From the Napoleon wars, French enjoyed higher power and prestige then Dutch. Later on, Dutch knew some glory days under the reign of the Dutch king who imposed it on whole Belgium and the other parts of his Netherlands Kingdom. French regained its power and prestige with Belgium independence in 1830. French monopoly in the official and social spheres was seen by the Belgian elite as a national unitary factor. This situation, however, didn’t suit the Flemish who militated and got the right to use their language in primary schools in 1883. The Flemish language replaced French in Ghent University in 1894. As a solution to this linguistic conflict that went on during the 20th century, Karra (2007) mentioned the government chose to divide the country into three ‘language frontiers’:
1- a French part in the South
2- a Flemish part in the North
3- a bilingual part in Brussels .
The Canadian case
Canada was originally a French speaking country under the French crown. It had, however, known a growing English speaking community under the English crown after the Indian Wars in 1760 to the point of outnumbering the French speakers in the subsequent years. With the need to choosing a national language for the new Canadian Confederation in 1867, the language conflict between the two communities started, tearing the country between the French speaking Québécois and the English speaking group in the other part of the country. The Charter of the French Language of 1977 represents an aspect of the ‘official bilingualism’ solution that Canada adopted to solve the language conflict so pervasive in its modern history (Noel, 2010).
In the ‘Third World’, on the other hand, Calvet (1974) argued that language conflict cannot be attributed to multilingualism alone but also to the post-colonial sociolinguistic heritage raised many instances of language conflict. This observation seems to be very pertinent. Most of linguistic troubles in Third World countries incorporate the former colonial language in them.
The Algerian case
Being a multilingual country and a former French colony, Algeria cannot be an exception to the havocs of language conflict spread all over the world.
In fact, the sociolinguistic situation in Algeria is characterised by the existence of four main languages: SA, AA, B and F. AA and B have many varieties. Sociolinguistic phenomena such as code switching, code mixing and borrowing are also omnipresent because of the long contact between these languages.

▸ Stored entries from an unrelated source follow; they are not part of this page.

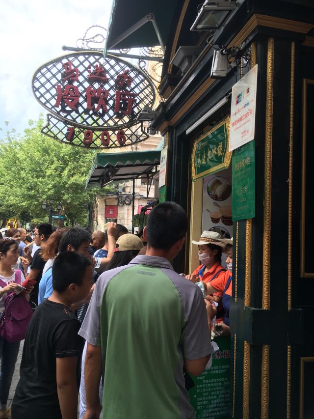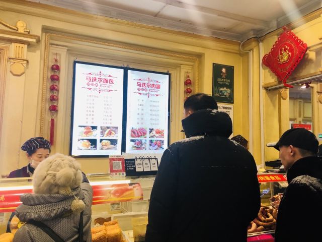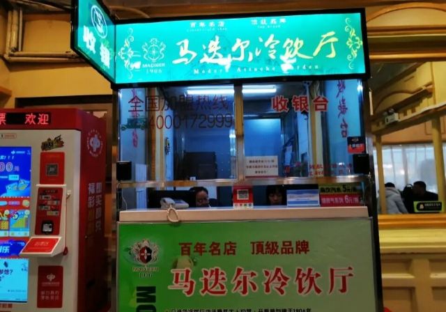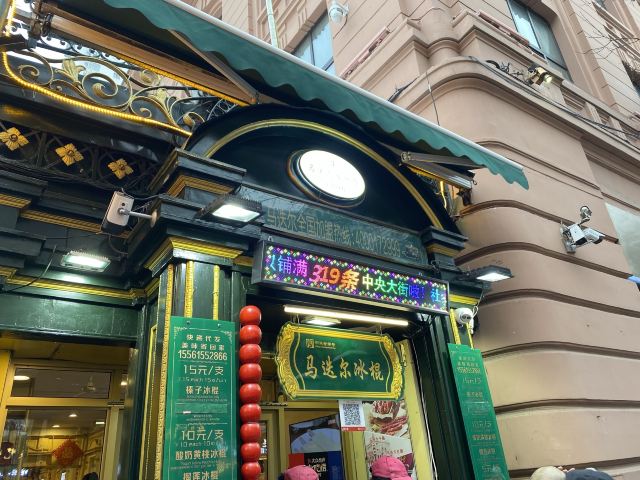 食行天下旅行家哈尔滨的知名老字号,创建于1906年,距今一百多年的历史,是哈尔滨最具特色的食品之一,知名度都能赶上哈尔滨的红肠了。马迭尔冷饮厅开在中央大街最繁华的地段,紧邻马迭尔西餐厅,旁边是中央大街美食广场,它与百年老店马迭尔宾馆都同属于马迭尔集团经营。 虽然叫冷饮厅,但他家并不止限于冰点。除了酸奶、冰棍、冰糕之外,还提供面包,烤红肠等食品。不过最经典的还是他家的冰棍,口味就两种,香草口味和咖啡口味,价格都是5元一根。吃起来给人的感觉是甜而不腻,奶味非常浓郁。据说他家的冰棍不含膨化剂,牛奶和鸡蛋投放的比例非常高,所以味道才这么好。相比较而言还是香草的最经典,口味最好,买的人也最多。他家的冰棍都没有包装,因为卖的太快,走量太大,里面做完直接就放在纸盒里端出来卖了,门口永远都是络绎不绝、源源不断的人。这次还品尝了他家的酸奶,味道也不错,只是感觉有些稀。环境上还不错,最外厅的座椅都是沙发皮座,坐着比较舒适。点一些冷饮面包可以找个地方坐下来慢慢吃。
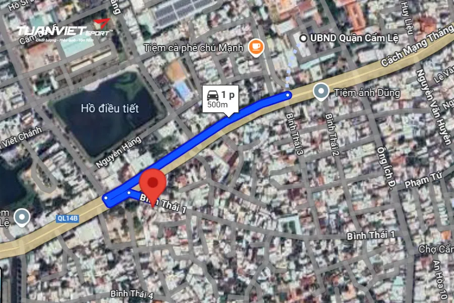 - Vị trí cửa hàng: Shop cầu lông Tuấn Hạnh Badminton nằm trong một khu vực dân cư sầm uất và phát triển của quận Cẩm Lệ, Đà Nẵng. Vị trí này thuận tiện cho việc di chuyển từ các tuyến đường lớn, giúp khách hàng dễ dàng tiếp cận từ trung tâm thành phố cũng như các khu vực lân cận. Từ UBND quận Cẩm Lệ, đi thẳng theo hướng Tây lên đường Cách Mạng Tháng 8 (QL14B) khoảng 400m, sẽ đi qua Phòng Khám & Chữa Bệnh Tổng Quát bên phải. Vòng xe lại và tiếp tục khoảng 56m, sau đó rẽ phải vào đường Bình Thái 1, đi thêm 53m, cửa hàng sẽ nằm bên phải.
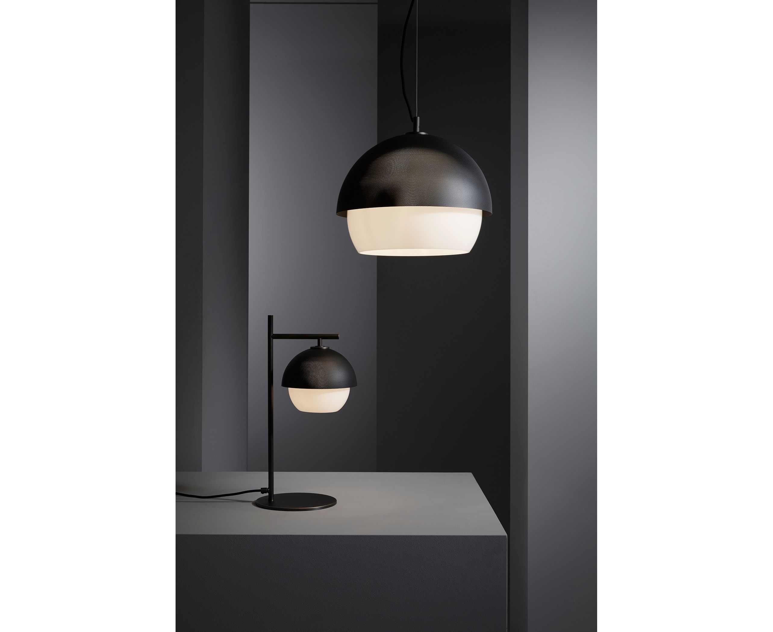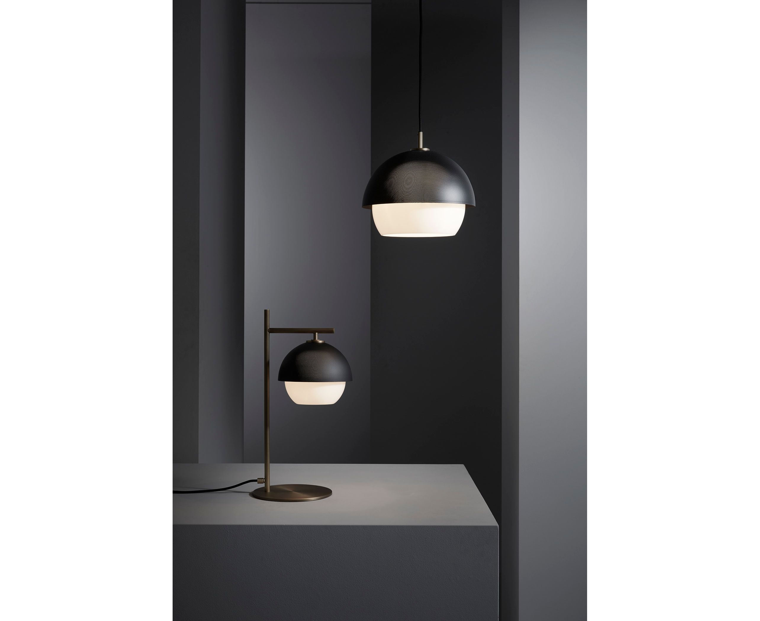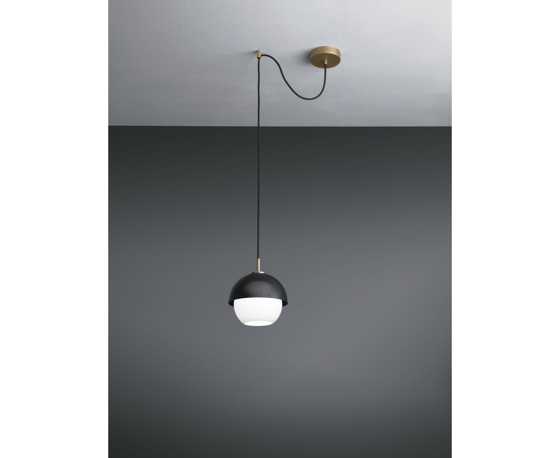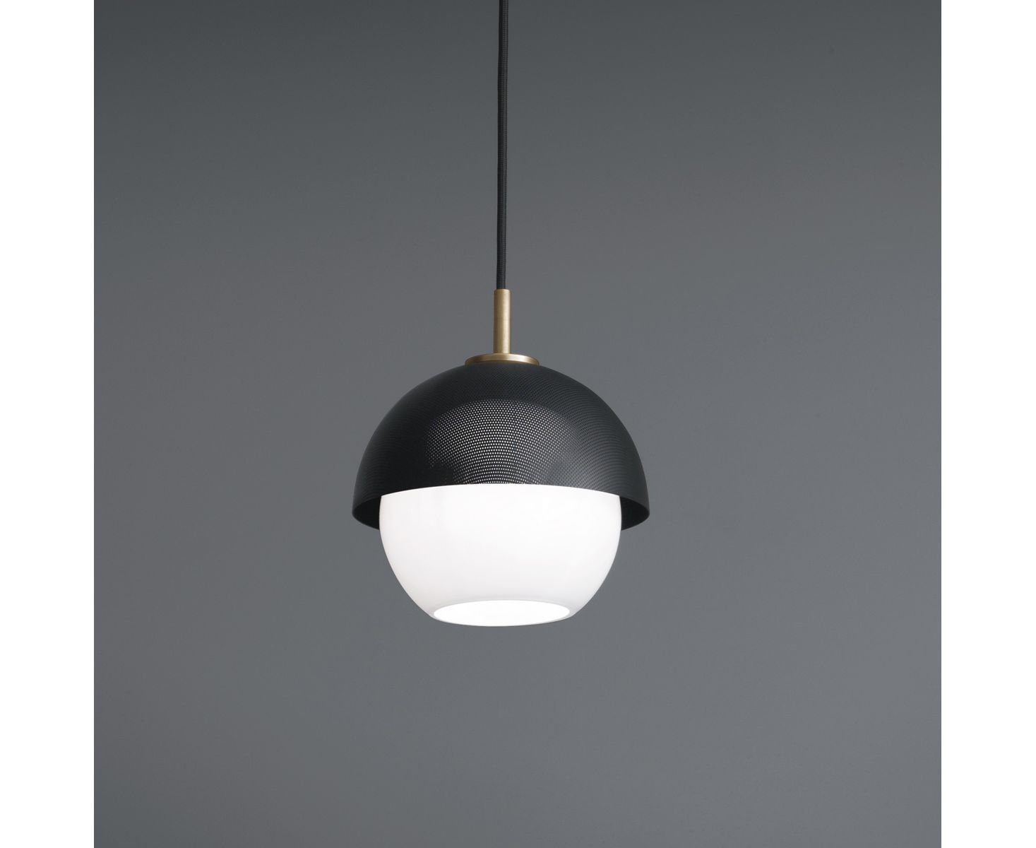 Этот подвесной светильник создает рассеянный свет. Его светлая или темная полированная латунная структура идеально подходит для различного использования. Элегантный металлический микроперфорированный абажур, доступный в двух цветах, смягчает яркость диффузора из выдувного стекла.
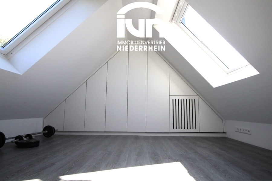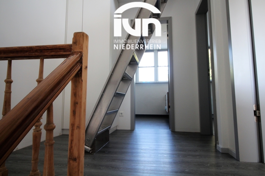 Aus der Diele dieser Etage führt eine Industrie-Stahlleiter in den perfekt ausgebauten Spitzboden. Dieser dient als Nutzfläche, Büro, Abstellfläche. (Der Raum ist in den Wohnflächen nicht berücksichtigt).
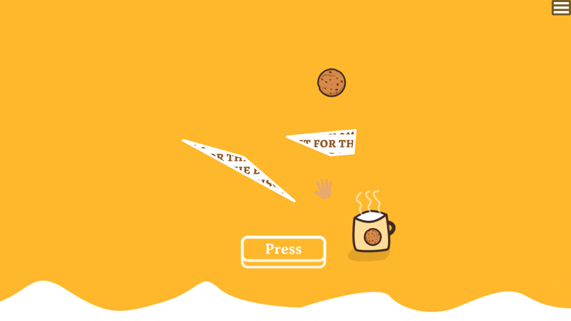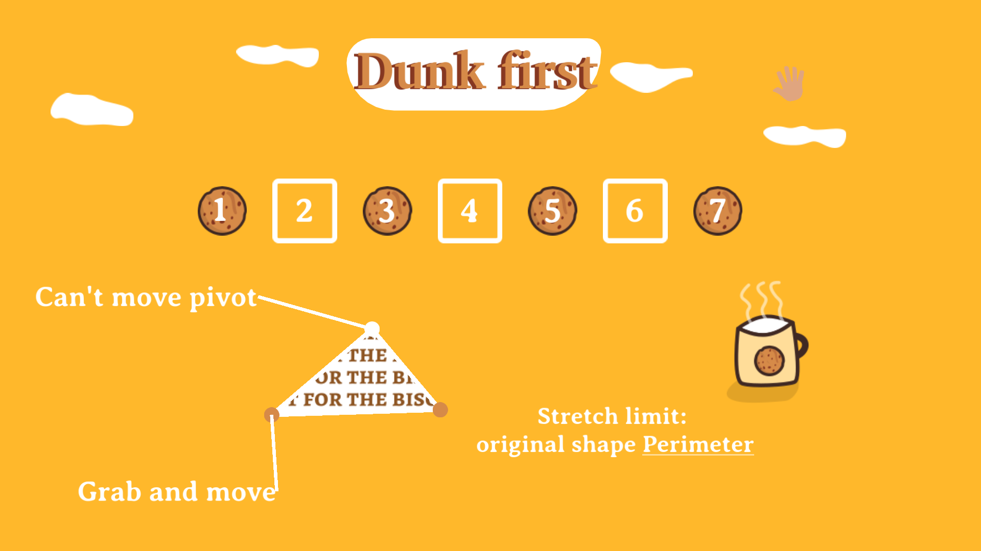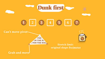 Grab the spheres and move them to ideal locations so that the biscuits can dunk in a warm glass of milk. Press spacebar to activate the cookie.
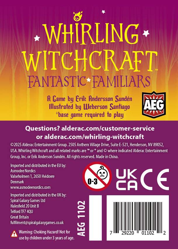 A Whirling Witchcraft: Fantastic Familiars egy könnyen tanulható kiegészítő a Whirling Witchcraft társasjátékhoz, 2 - 5 játékos részére, az átlagos játékidő rövid, csak 15 - 30 perc. A társast, a könnyebb tanulhatósága ellenére, csak 10 éves kortól ajánljuk kipróbálni. A játékmenet erősen épít a váltakozó képességek és az egyidejű akciók mechanizmusokra.
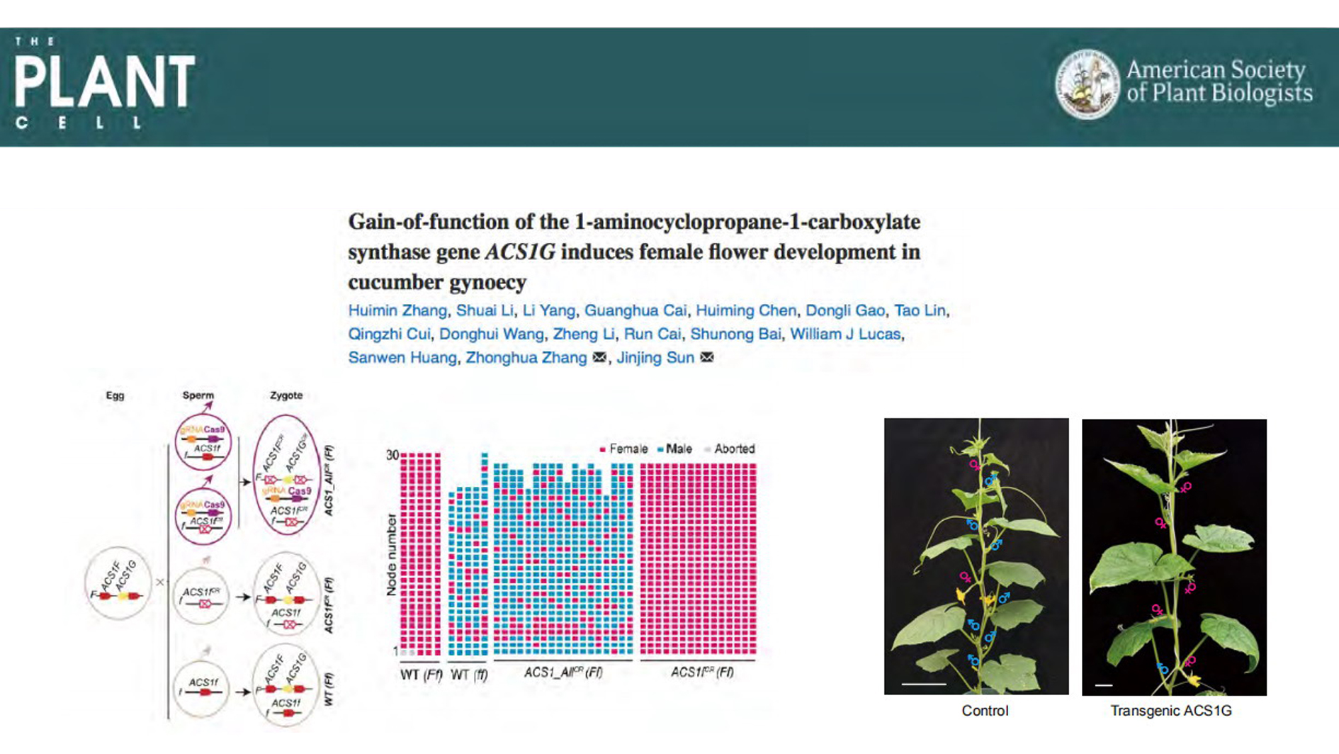 近期,麻豆社 功能基因课题组首次证实了黄瓜中显性全雌基因(Female)编码乙烯合成途径中的关键酶ACS1G,并深入研究了其作用机制。相关研究内容《Gain-of-function of the 1-aminocyclo...

This view is shared by most of the scholars who studied the sociolinguistic situation in Algeria, including two Algerian prominent specialists on the matter: Bouamrane (1986) and Taleb Ibrahimi (1995). Although some researchers claim that the number of languages in Algeria exceeds twenty (Boukli, 2006), all the researchers agree that the above four languages are the main ones in Algeria. They also recognise the existence of a state of language conflict in Algeria.